Our scanning capsule will be swallowed and propelled by natural motility through the gastrointestinal tract and excreted naturally with no need for retrieval for data collection. Unlike other CRC screening methods, this process should not disrupt a patient’s normal activities or require fasting. Our scanning capsule employs ultra low-dose X-rays, which allow the system to image the interior lining of the colon even when surrounded by intestinal content. As such, we believe that patients using our system will not be required to undergo any prior bowel preparation. The Radiation Safety Division of the Soreq Nuclear Research Center found, as set forth in its report of November 2010 that was prepared at our request and based on the information provided by us and the relevant methods and principles known at such time, or the Report, that the radiation dose to the patient in the proposed screening procedure utilizing the scanning device developed by us at that time in routine operation and normal conditions is low relative to the radiation dose involved in conventional imaging procedures using X-rays (such as fluoroscopy and CT) and is also low when compared to the radiation dose involved in established screening procedures such as mammography, all as more fully described in the Report.
Our scanning capsule is being designed to transmit position, motility, and the data it collects to an external data recorder and capsule positioning system or CPS, that will be worn by the patient. The external data recorder is being designed to enable the transfer of the data to our PC-based work station with viewer software application to allow physicians to analyze the data collected by our scanning capsule. The CPS is being designed to provide the physician with accurate localization data aligned with a reconstructed image. We intend for physicians to be able to review the colon’s inner images at any location at any time, in less time than is required to perform an optical colonoscopy.
Colonic polyps are tissue growths that occur on the lining of the colon. Polyps in the colon are extremely common, and certain types of polyps can become cancerous over time. In the event that polyps are identified through our system, the patient may be advised to undergo a subsequent traditional colonoscopy procedure to examine, remove and biopsy the polyps. For those patients who require a subsequent polypectomy, concerns regarding pain, discomfort and embarrassment may still remain with respect to the subsequent polypectomy. We do not, however, believe that these concerns will make the use of our system any less attractive to physicians and patients. Although patients who are initially screened utilizing a traditional colonoscopy could avoid the need for a second procedure if polyps are discovered because they could undergo a polypectomy during the initial screening, if necessary, we believe that our system will still be attractive to physicians and patients as a majority of patients who are screened will not require a subsequent polypectomy. Published data from a multi-center CT colonography screening study of 2,531 asymptomatic adults showed that if all patients with a lesion measuring 5mm or more on CT colonography were referred for colonoscopy, the colonoscopy-referral rate would have been 17%.
A clinical proof-of-concept study, which was based on a 10-case study conducted at Tel Aviv Sourasky Medical Center in Israel and used a prior version of our system, did not identify any material safety or feasibility issues. The study demonstrated the applicability of our system to the human colon, generating images taken in the colon without any prior bowel preparation. All subjects ingested the capsule easily with smooth passage within the designated transit time, on average, within two to three days. There were no reported device-related adverse events. Mild effects on bowel movements were noted, which were determined to be related to the contrast agent and passed within one to two days after the capsule was excreted.

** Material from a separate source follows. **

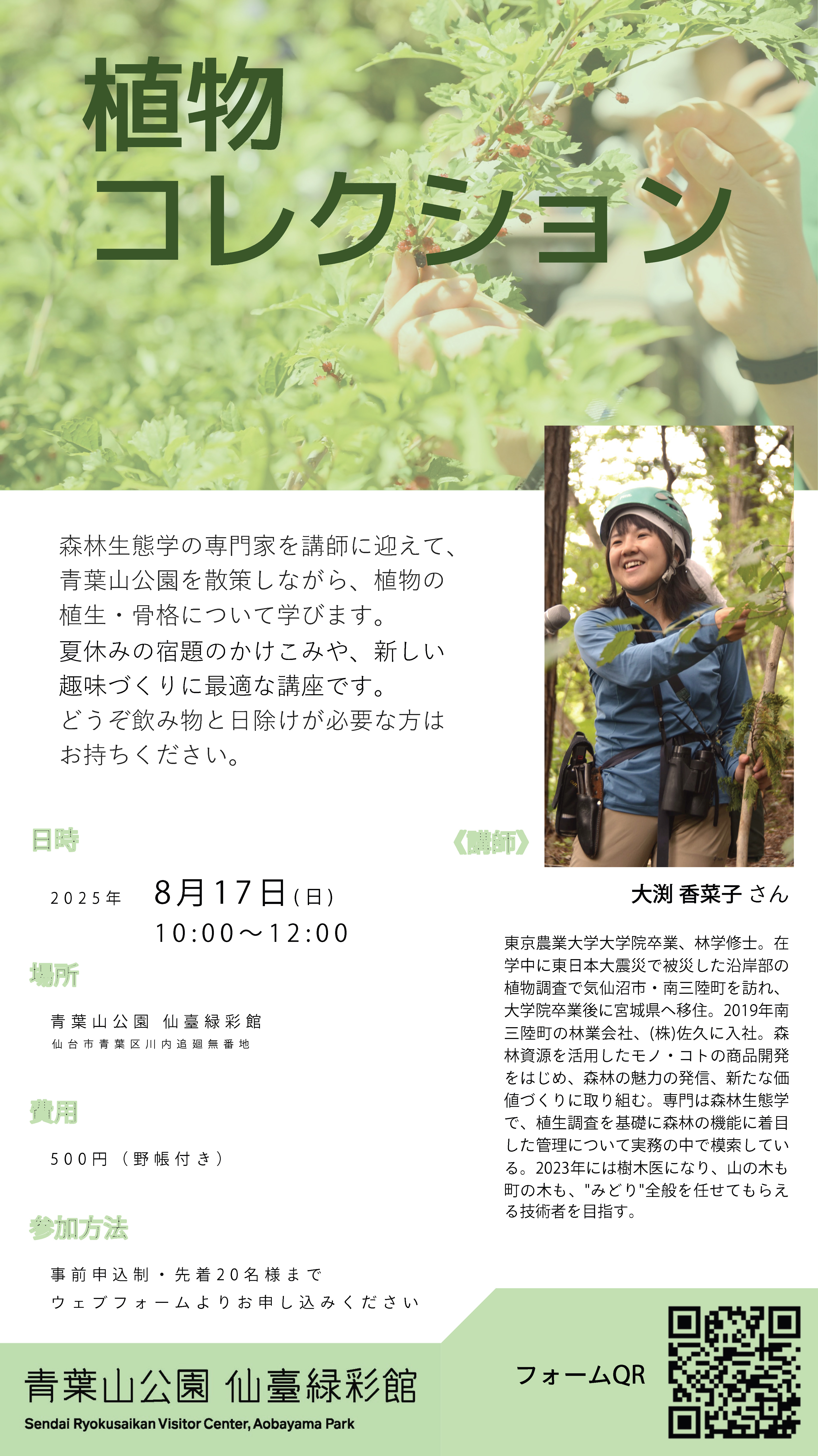 内容 森林生態学の専門家を講師に迎え、青葉山公園内を散策しながら植物の植生・骨格について学びます。野帳などの準備あり、飲み物と日除けが必要な方はお持ちください。

Another objective of the 10-case study was to estimate total radiation exposure for each case study. This was calculated using standard established factors for calculating effective radiation exposure, such as the duration of the capsule inside the body, and was based on the activity of the radiation source inside the scanning capsule and radiation energy, both of which were measured for each case study. The average calculated exposure for the entire procedure in the 10-case study, from ingestion of the capsule to excretion, was 0.03 mSv (STD 0.007 mSv). This level of radiation exposure is similar to a single chest X-ray (approximately 0.06mSv) and two orders of magnitude less than a CTC.

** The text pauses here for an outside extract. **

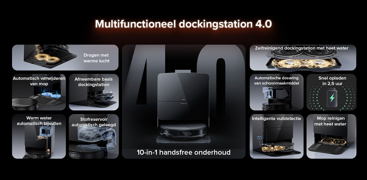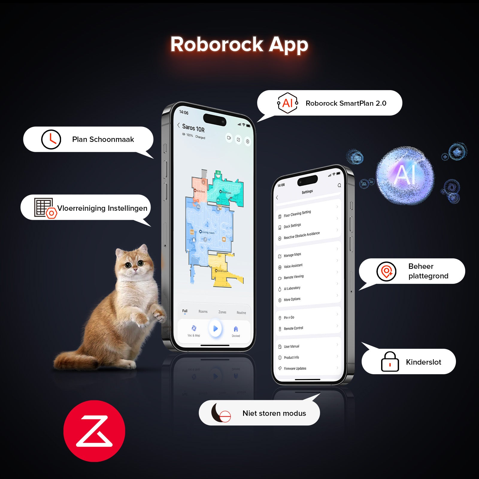 Roborock Saros 10R robotstofzuiger met dweilfunctie en afneembare dweil, 7,98 cm ultraslank ontwerp, StarSight System 2.0, Zero-Tangle System - Saros 10R Set

The 10-case clinical proof-of-concept study focused on assessing the safety and feasibility of our system. The 10-case study was the first phase of a multi-center, prospective clinical feasibility study to establish the safety, functionality and preliminary efficacy of our system in patients eligible for CRC screening, by comparing results from the clinical feasibility study with those from non-invasive, low-sensitivity FOBTs and FITs, as well as from optical colonoscopies. The feasibility study is designed allow for recruitment of 100 subjects. The study is being conducted at multiple centers in Israel, with the potential to be conducted at a single site in the Netherlands. The clinical feasibility study will evaluate the image resolution generated by the capsule in an a human colon without cathartic preparation, will assess polyp imaging in various shapes and in different segments of the colon and will evaluate the safety of the device in terms of total and segmental transit time and analyze the effects of the presence of polyps and variable colon dimensions on these parameters. The study will seek to create a clinical atlas of images that will enable comparisons between images acquired by different CRC screening modalities. During the feasibility study we will collect data about the overall imaging of the colon’s internal surfaces during the passage of the capsule to support the development of a correlation map of polyps identified through our imaging system with polyps imaged by optical colonoscopy and CTC. Additionally, the feasibility study will measure total radiation exposure and the distribution of contrast material within the colon.

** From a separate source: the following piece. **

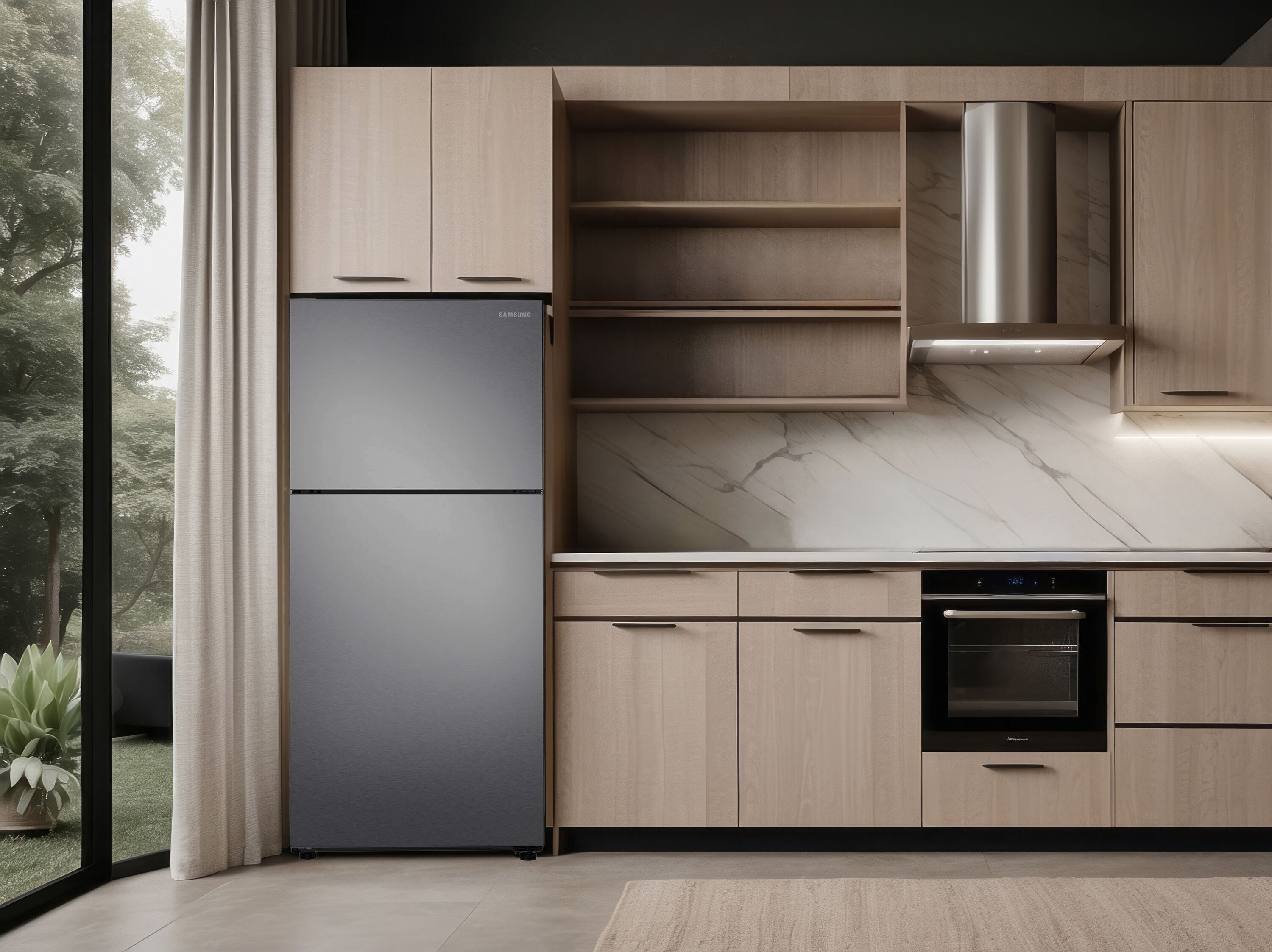 Modern Design: A modern look, featuring a minimalist exterior with signature flat door design and recessed handles, that seamlessly blends into your kitchen

A preliminary analysis conducted on the first 54 capsules swallowed by participants enrolled in the multi-center, prospective clinical feasibility study showed 53 of 54 capsules swallowed and naturally eliminated without major or minor side effects after 66 ±37 hours. Image reconstructions allowed 3D views of the colonic wall and lumen with the typical contour of different segments (hepatic flexure, triangular shape of the transverse colon). Both pedunculated and sessile polyps were detected in several patients and validated later by colonoscopy.
To date, we have achieved key product development milestones, including the demonstrated ability of our system to reconstruct the human colon and to identify polyps, and design freeze of the current version of our system. Following the successful completion of the multi-center, prospective clinical feasibility study and design release and transfer to manufacturing phases, we plan to submit during the first half of 2017, a request for CE marking for the marketing and sale of our capsule in the European Union. We expect to perform post-marketing studies in Europe following CE marking for the purpose of collecting additional clinical data to support market adoption. Subject to regulatory approvals, available capital, and engagement with strategic partners, we anticipate launching our system commercially in Europe during 2018.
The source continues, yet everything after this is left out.